*Work required*. Among the entries below, how many lines contain "Catalina"? Answer with the number only.

*Data extracts*.
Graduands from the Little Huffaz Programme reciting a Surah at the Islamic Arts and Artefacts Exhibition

--

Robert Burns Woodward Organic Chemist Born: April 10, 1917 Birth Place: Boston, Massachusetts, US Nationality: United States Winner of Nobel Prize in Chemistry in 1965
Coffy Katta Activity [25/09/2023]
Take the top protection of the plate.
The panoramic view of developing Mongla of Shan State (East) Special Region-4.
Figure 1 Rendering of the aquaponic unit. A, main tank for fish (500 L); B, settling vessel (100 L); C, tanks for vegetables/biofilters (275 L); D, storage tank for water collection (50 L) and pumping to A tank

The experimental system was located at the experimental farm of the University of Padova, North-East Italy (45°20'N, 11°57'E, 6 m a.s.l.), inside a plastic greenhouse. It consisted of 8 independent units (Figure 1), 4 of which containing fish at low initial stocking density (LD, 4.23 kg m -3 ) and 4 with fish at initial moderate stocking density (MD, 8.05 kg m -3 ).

==

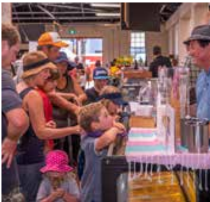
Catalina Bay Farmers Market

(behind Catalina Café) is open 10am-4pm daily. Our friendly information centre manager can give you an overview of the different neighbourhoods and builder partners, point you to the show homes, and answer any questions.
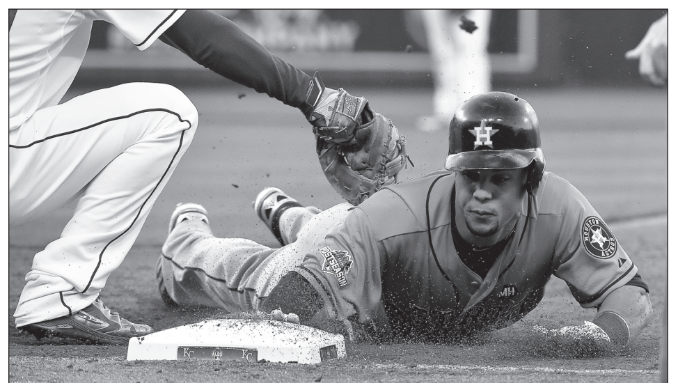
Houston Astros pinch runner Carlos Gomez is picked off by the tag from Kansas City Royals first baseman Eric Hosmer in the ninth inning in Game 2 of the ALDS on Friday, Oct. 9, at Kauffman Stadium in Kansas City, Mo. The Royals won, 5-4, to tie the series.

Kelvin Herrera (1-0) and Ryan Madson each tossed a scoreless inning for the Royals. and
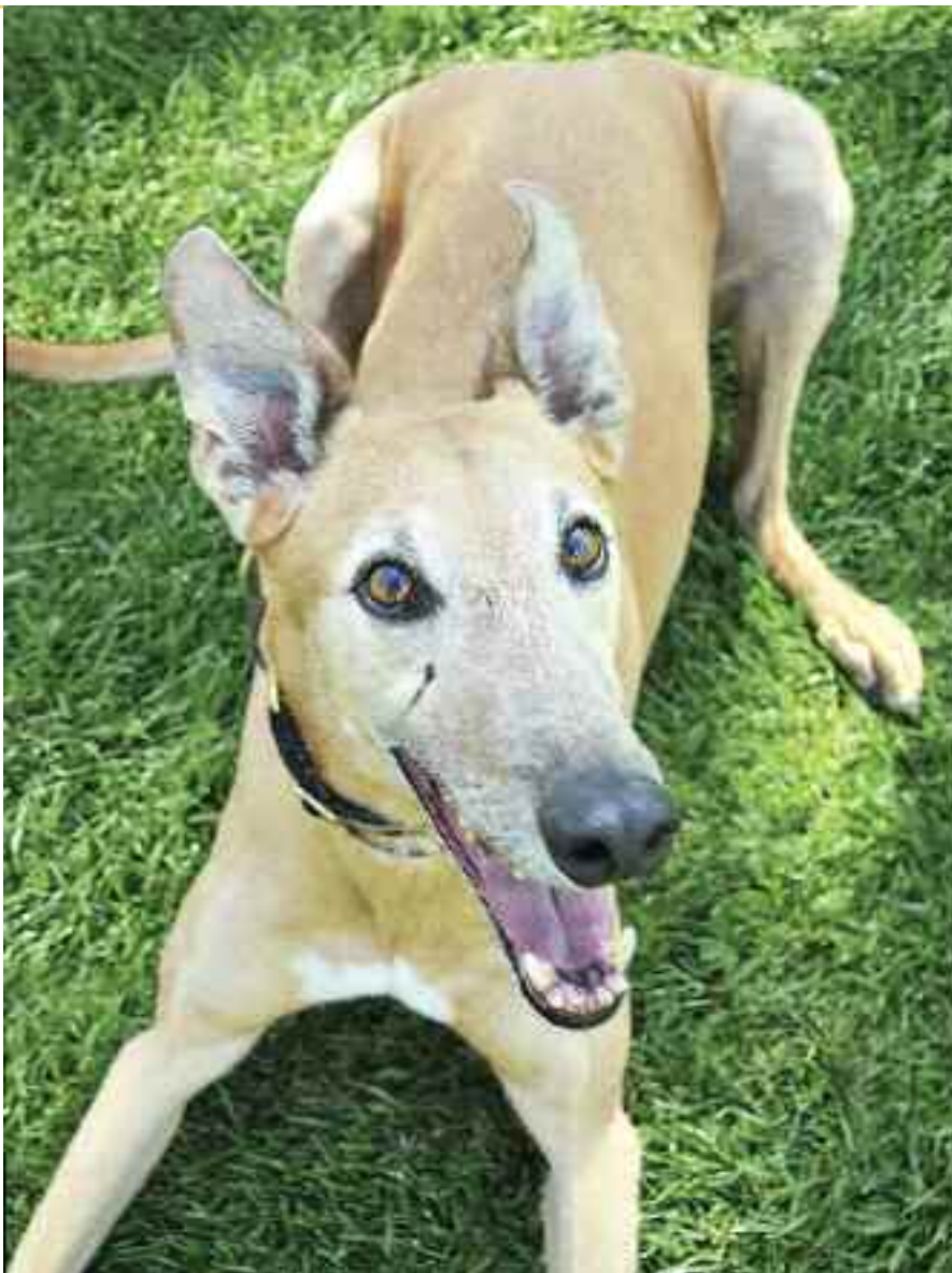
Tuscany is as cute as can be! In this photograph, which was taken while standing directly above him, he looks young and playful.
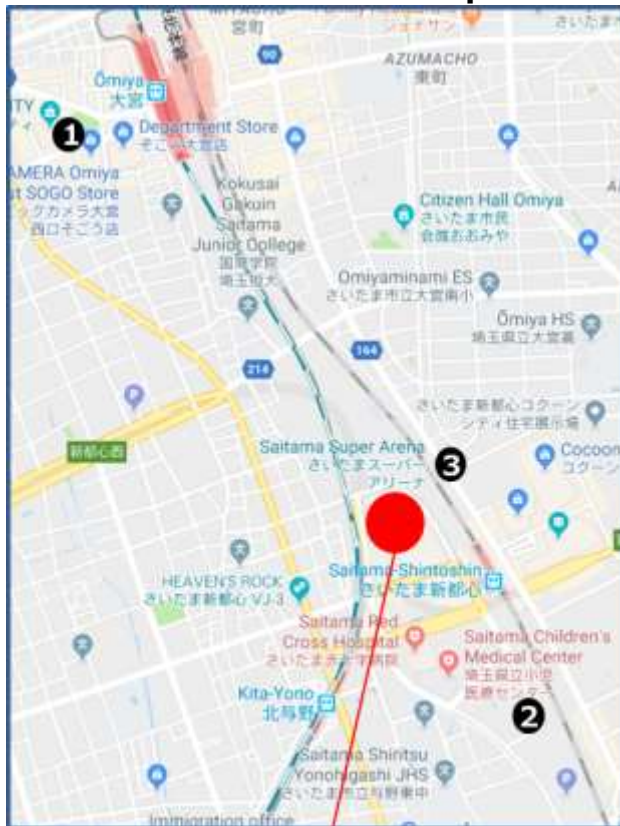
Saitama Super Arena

*Written response*. 2